The default applies destructor for each data member. The default
applies copy constructor to each data member. The default operator
= is implemented by applying operator = to each data member.
Problems with the big three
class IntCell
{
public:
explicit IntCell( int initialValue = 0 );
int read( ) const;
void write( int x );
private:
int *storedValue;
};
IntCell::IntCell( int initialValue =0)
{
storedValue = new int( initialValue );
}
What is missing there?
What will be the effect?
See Fig.1.15.
Problems with the big three
int foo(){
IntCell vitalData;
for (int i=1;i<100000;i++){
IntCell localV;//local object
localV = vitalData; //default ‘=‘ is used
}
/*
Two problems:
1)memory leak by localV if default destructor is applied because default
destructor doesn’t release the memory taken by localV’s member
storedValue;
2) destruction of localV results in vitalData destroyed if user-defined
destructor is applied, which releases memory shared by localV’s
member and vitalData’s member.
*/
Problems with the big three
void destroyData(IntCell copy){//see how actual parameter is
passed.
}
destroyData( vitalData);
/*
default copy used, when the copy is destroyed (if there is a
user-defined destructor), memory allocated to the copy is
reclaimed although vitalData is still alive.
*/
Problems with the big three
• Default are not adequate when a class has a data
member which is a pointer.
• Memory allocated to b remains allocated because the
default destructor does nothing for storedPointer and
results in memory leak.
• The default copy constructor and operator = simply copy
the value of the pointer (shallow copy, shallow semantics,
reference semantics). The copy shares the same IntCell
object with the original object.

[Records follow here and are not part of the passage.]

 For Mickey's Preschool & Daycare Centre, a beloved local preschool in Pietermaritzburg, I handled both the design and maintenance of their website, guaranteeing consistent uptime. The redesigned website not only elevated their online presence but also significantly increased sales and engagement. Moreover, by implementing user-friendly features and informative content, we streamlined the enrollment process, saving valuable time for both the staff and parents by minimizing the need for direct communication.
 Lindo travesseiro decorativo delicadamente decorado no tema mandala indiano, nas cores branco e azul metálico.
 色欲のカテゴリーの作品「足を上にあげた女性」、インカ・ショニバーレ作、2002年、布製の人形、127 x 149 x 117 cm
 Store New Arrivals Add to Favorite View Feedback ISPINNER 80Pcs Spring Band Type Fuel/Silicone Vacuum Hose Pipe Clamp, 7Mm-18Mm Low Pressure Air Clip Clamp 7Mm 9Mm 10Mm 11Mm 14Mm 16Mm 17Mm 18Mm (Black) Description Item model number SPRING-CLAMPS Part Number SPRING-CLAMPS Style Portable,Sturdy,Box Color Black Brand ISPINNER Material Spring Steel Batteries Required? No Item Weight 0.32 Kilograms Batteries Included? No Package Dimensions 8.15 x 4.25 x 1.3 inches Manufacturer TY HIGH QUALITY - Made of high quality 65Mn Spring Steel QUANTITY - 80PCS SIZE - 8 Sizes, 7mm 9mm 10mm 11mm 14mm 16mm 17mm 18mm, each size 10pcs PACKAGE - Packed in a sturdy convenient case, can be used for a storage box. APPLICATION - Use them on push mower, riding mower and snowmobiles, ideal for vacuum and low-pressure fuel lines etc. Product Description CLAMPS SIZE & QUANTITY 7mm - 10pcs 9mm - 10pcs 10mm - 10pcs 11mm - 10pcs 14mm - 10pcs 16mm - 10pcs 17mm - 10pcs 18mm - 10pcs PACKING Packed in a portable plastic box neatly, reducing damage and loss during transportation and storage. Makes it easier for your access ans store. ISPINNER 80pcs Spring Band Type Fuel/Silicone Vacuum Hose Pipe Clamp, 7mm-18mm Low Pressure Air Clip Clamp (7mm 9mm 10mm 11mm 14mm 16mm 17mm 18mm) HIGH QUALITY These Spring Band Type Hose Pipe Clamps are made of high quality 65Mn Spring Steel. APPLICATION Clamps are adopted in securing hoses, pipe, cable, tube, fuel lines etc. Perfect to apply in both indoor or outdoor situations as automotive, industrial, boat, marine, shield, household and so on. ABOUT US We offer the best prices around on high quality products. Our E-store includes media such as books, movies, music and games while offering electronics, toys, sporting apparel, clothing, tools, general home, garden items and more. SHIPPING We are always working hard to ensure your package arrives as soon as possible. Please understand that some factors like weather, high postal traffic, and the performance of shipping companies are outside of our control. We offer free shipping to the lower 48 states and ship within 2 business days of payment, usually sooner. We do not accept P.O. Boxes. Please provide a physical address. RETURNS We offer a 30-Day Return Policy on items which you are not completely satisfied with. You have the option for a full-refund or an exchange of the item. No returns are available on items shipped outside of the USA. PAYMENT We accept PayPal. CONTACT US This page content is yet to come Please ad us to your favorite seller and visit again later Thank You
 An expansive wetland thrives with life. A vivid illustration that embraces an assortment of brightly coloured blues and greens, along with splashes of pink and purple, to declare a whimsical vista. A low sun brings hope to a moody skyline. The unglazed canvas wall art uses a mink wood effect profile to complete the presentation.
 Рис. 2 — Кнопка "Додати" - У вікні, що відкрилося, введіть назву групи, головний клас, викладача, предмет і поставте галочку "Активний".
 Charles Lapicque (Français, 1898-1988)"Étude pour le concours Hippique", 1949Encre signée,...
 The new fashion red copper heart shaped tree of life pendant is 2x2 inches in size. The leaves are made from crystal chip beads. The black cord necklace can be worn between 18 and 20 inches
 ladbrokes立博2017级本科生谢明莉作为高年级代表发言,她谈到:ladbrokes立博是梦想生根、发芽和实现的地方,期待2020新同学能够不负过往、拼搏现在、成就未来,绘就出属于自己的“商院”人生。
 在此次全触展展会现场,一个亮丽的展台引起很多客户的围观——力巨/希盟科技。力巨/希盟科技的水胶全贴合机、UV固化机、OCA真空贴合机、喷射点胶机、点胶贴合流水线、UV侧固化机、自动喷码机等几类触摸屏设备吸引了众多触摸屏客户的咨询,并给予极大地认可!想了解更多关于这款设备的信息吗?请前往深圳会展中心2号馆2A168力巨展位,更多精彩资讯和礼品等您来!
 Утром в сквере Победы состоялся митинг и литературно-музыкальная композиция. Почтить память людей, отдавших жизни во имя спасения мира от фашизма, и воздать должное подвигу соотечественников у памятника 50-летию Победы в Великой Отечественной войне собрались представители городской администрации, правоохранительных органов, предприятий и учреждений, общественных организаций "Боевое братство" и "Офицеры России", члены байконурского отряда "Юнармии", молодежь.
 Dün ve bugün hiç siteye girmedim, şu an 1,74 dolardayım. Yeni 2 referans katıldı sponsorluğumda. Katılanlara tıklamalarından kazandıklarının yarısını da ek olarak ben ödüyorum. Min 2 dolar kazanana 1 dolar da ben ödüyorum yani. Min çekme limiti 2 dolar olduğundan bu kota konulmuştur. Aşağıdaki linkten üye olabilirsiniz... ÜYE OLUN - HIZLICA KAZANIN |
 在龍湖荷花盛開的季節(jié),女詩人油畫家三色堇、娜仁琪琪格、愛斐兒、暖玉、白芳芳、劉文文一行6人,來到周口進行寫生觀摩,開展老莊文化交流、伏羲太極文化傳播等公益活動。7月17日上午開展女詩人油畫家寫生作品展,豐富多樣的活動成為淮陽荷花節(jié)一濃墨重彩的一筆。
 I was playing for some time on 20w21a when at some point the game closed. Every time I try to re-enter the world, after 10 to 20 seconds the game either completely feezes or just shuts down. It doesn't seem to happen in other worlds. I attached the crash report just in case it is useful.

When the original is
changed or destructed, the result is not predictable.
• What we need is a deep copy, that is, we want to copy
the object, not the reference to the object.
IntCell with the big-three
class IntCell
{
public:
explicit IntCell( int initialValue = 0 );
IntCell( const IntCell & rhs );
~IntCell( );
const IntCell & operator=( const IntCell & rhs );
int read( ) const;
void write( int x );
private:
int *storedValue;
};
Deep copy is needed
IntCell::IntCell(const IntCell &rhs){
storedValue = new int(*rhs.storedValue);
}
IntCell::~IntCell(){
delete storedValue;
}
const IntCell & IntCell::operator=(const IntCell &rhs){
if(this !=&rhs)
*storedValue = *rhs.storedValue;
return *this;
}
Reading and assignments
• Weiss chapter 1
• Understand the following terminologies: memory leak, pass by value,
pass by reference, shallow copy, shallow semantics, deep copy,
deep semantics, automatic objects, dynamic objects, accessors,
mutators, algorithms.
• Try to answer the following questions:
– What are the differences between points and references?
– When the three parameter passing mechanisms are used?
– When default copy constructors are not applicable?
– Where the modifier const should be used?
• Exercises: 1.7a, 1.11a.b, 1.12 a